Government’s law reform of schemes of arrangement a “complete waste of resources when the core problem brewing is in the SME market”

Some may agree or not with the “blunt” submission of an Australian liquidator and trustee on the government’s review of schemes of arrangement law as being a “complete waste of resources when the core problem brewing is in the SME market”. 

The government’s 2021 discussion paper on schemes shows it is working through the next of several topics that were recommended for law reform attention by a 2015 Productivity Commission Report: see Government’s response to the 2015 Productivity Commission Report – “Business … closure” | Murrays Legal 

The government’s 2021 paper refers to schemes in the context of its small company business insolvency reforms, of 2021, which the author of the submission, Mr Roland Robson, says are a “complete flop” with simplified liquidations being “another ill-thought-out legislative change … costing more than a creditors voluntary liquidation”.

The following is a rough paraphrase of the submission from Mr Robson.

Please excuse my bluntness but Treasury have completely missed the core issue with a Scheme of Arrangement, and why they are not widely considered.

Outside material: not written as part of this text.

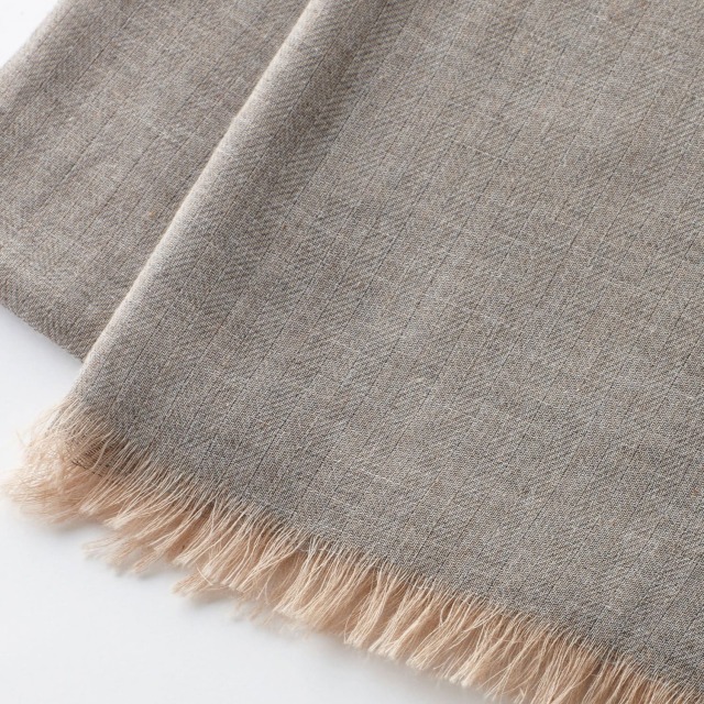 ヘリンボーン織りにより、ブラウンコットンと備長炭グレーの織りなす自然の色合いを上品に仕上げています。

The Act requires an application to Court which frankly is a costly exercise that only a few companies have the resources for, along with a ridiculously high percentage of creditors to agree to the Scheme. This basically wipes out the usefulness for SME’s as the Court application costs and legal costs, let alone the lead time in the Court system.

As such looking at the type of Company it would ordinarily for would be considered a large organisation like a Myer, Virgin Airlines and the like.

In addition, the rights of PPSR creditors (assuming they even respond to day one correspondence) and the threat of FEG action for utilising any circulating assets to continue trade to the alleged detriment of priority creditors, has in essence wiped out Schemes and VA’s

Any variations in the legislation to accommodate the large companies is a complete waste of resources when the core problem brewing is in the SME market; this is where the focus should be.

The Legislators came up with SBR’s which are a complete flop (technical term)

my PI insurance does not cover me for SBR’s and accordingly I will not even consider one as the insurance costs would exceed the income derived.

a firm has to recreate new standards at a further cost, and also suffer at the hands of a complex web of legislation that has been cable tied together like a bad quilt.

Simplified Liquidations are another ill-thought-out legislative change, actually cost more to do than a simple Creditors Voluntary Liquidation. The appointment numbers speak for themselves.

So simply focusing on a piece of legislation for large companies that probably only impacts less than 1% of insolvency appointments is a frivolous consumption of resources.

Robson, W. Roland – Submission in response to: Improving schemes of arrangement to better support businesses (


Mr Robson’s point is well made but as I have explained before, the interests of the professions have historically dictated the focus of law reform, sometimes usefully.  The government may do better in its pending law reform decisions following its long-drawn out inquiry (2018-2022) into SME and consumer insolvency reforms: The bankruptcy system and the impacts of coronavirus – Discussion paper | Attorney-General’s Department (

Calls for insolvency regimes to accommodate the particular issues in small business, including the reality of limited remaining assets, and intermingled corporate and personal debt, come up against the priority given to large businesses and to corporate law; despite the Ombudsman explaining that small business comprises over 95% of the market in Australia.  Again to quote an OECD paper,

“personal insolvency regimes are often more relevant for entrepreneurs and small businesses. Indeed, the corporate vs non-corporate distinction in assets and liabilities is often blurred for small firms, either because lenders require personal guarantees or security – eg, a second mortgage on the owner’s home – or because prior to incorporating and obtaining limited liability protection, entrepreneurs typically use personal finances”: OECD Economics Department Working Papers No. 1504, Design of insolvency regimes across countries, McGowan & Andrews, September 2018.

Next steps

We therefore await the government’s responses on schemes of arrangement and on MSE insolvency reforms, and to see whether Mr Robson’s views have had impact.

Meanwhile, the government is to review the Insolvency Law Reform Act 2016 changes, and the financial savings predicted; along with issues concerning the government’s then views on the regulation of the practitioners in the industry, and more besides. A review of insolvency law should also be established.